This commit adds a new method, bpf_check_attach_target_with_klog,
which outputs the verifier log to the kernel.
Developers can then use dmesg to obtain more detailed information about the failure.

For an example of eBPF code,
Link: https://github.com/Asphaltt/learn-by-example/blob/main/ebpf/freplace/main.go

Co-developed-by: Leon Hwang <hffilwlqm@xxxxxxxxx>
Signed-off-by: Leon Hwang <hffilwlqm@xxxxxxxxx>
Signed-off-by: Zheao Li <me@xxxxxxxxxxxx>
---
include/linux/bpf_verifier.h | 5 +++++
kernel/bpf/syscall.c | 5 +++--
kernel/bpf/trampoline.c | 6 +++---
kernel/bpf/verifier.c | 19 +++++++++++++++++++
4 files changed, 30 insertions(+), 5 deletions(-)

diff --git a/include/linux/bpf_verifier.h b/include/linux/bpf_verifier.h
index 5cea15c81b8a..8eddba62c194 100644
--- a/include/linux/bpf_verifier.h
+++ b/include/linux/bpf_verifier.h
@@ -848,6 +848,11 @@ static inline void bpf_trampoline_unpack_key(u64 key, u32 *obj_id, u32 *btf_id)
*btf_id = key & 0x7FFFFFFF;
}
+int bpf_check_attach_target_with_klog(const struct bpf_prog *prog,
+ const struct bpf_prog *tgt_prog,
+ u32 btf_id,
+ struct bpf_attach_target_info *tgt_info);

format issue in the above.

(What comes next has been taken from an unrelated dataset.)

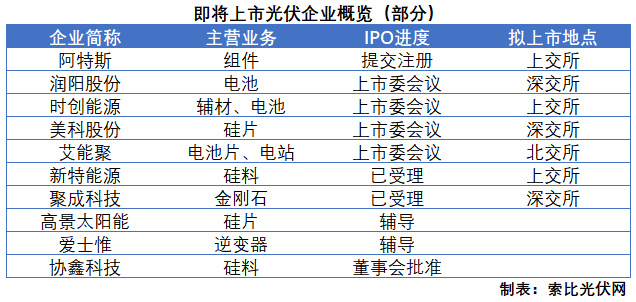 已經(jīng)到來的2023年,A股市場還將迎來更多重量級的光伏企業(yè)。其中,全球組件龍頭阿特斯已提交注冊,電池片“龍三”潤陽股份、硅片新勢力美科股份已成功通過上市委會議,硅料巨頭新特能源已獲受理。此外,協(xié)鑫科技、高景太陽能也已經(jīng)分別獲得董事會批準(zhǔn)和進(jìn)入輔導(dǎo)期。

Same code alignment is needed for arguments in different lines.

+
int bpf_check_attach_target(struct bpf_verifier_log *log,
const struct bpf_prog *prog,
const struct bpf_prog *tgt_prog,
diff --git a/kernel/bpf/syscall.c b/kernel/bpf/syscall.c
index 869265852d51..bf826fcc8cf4 100644
--- a/kernel/bpf/syscall.c
+++ b/kernel/bpf/syscall.c
@@ -3464,8 +3464,9 @@ static int bpf_tracing_prog_attach(struct bpf_prog *prog,
*/
struct bpf_attach_target_info tgt_info = {};
- err = bpf_check_attach_target(NULL, prog, tgt_prog, btf_id,
- &tgt_info);
+ err = bpf_check_attach_target_with_klog(prog, NULL,
+ prog->aux->attach_btf_id,
+ &tgt_info);

code alignment issue here as well.
Also, the argument should be 'prog, tgt_prog, btf_id, &tgt_info', right?

if (err)
goto out_unlock;
diff --git a/kernel/bpf/trampoline.c b/kernel/bpf/trampoline.c
index f8302a5ca400..8862adaa7302 100644
--- a/kernel/bpf/trampoline.c
+++ b/kernel/bpf/trampoline.c
@@ -699,9 +699,9 @@ int bpf_trampoline_link_cgroup_shim(struct bpf_prog *prog,
u64 key;
int err;
- err = bpf_check_attach_target(NULL, prog, NULL,
- prog->aux->attach_btf_id,
- &tgt_info);
+ err = bpf_check_attach_target_with_klog(prog, NULL,
+ prog->aux->attach_btf_id,
+ &tgt_info);

code alignment issue here

if (err)
return err;
diff --git a/kernel/bpf/verifier.c b/kernel/bpf/verifier.c
index 1f5302fb0957..4873b72f5a9a 100644
--- a/kernel/bpf/verifier.c
+++ b/kernel/bpf/verifier.c
@@ -21643,6 +21643,25 @@ static int check_non_sleepable_error_inject(u32 btf_id)
return btf_id_set_contains(&btf_non_sleepable_error_inject, btf_id);
}
+int bpf_check_attach_target_with_klog(const struct bpf_prog *prog,
+ const struct bpf_prog *tgt_prog,
+ u32 btf_id,
+ struct bpf_attach_target_info *tgt_info);

code alignment issue here.

+{
+ struct bpf_verifier_log *log;
+ int err;
+
+ log = kzalloc(sizeof(*log), GFP_KERNEL | __GFP_NOWARN);

__GFP_NOWARN is unnecessary here.

+ if (!log) {
+ err = -ENOMEM;
+ return err;
+ }
+ log->level = BPF_LOG_KERNEL;
+ err = bpf_check_attach_target(log, prog, tgt_prog, btf_id, tgt_info);
+ kfree(log);
+ return err;
+}
+
int bpf_check_attach_target(struct bpf_verifier_log *log,
const struct bpf_prog *prog,
const struct bpf_prog *tgt_prog,

More importantly, Andrii has implemented retsnoop, which intends to locate
precise location in the kernel where err happens. The link is
https://github.com/anakryiko/retsnoop

Maybe you want to take a look and see whether it can resolve your issue.
We should really avoid putting more stuff in dmesg whenever possible.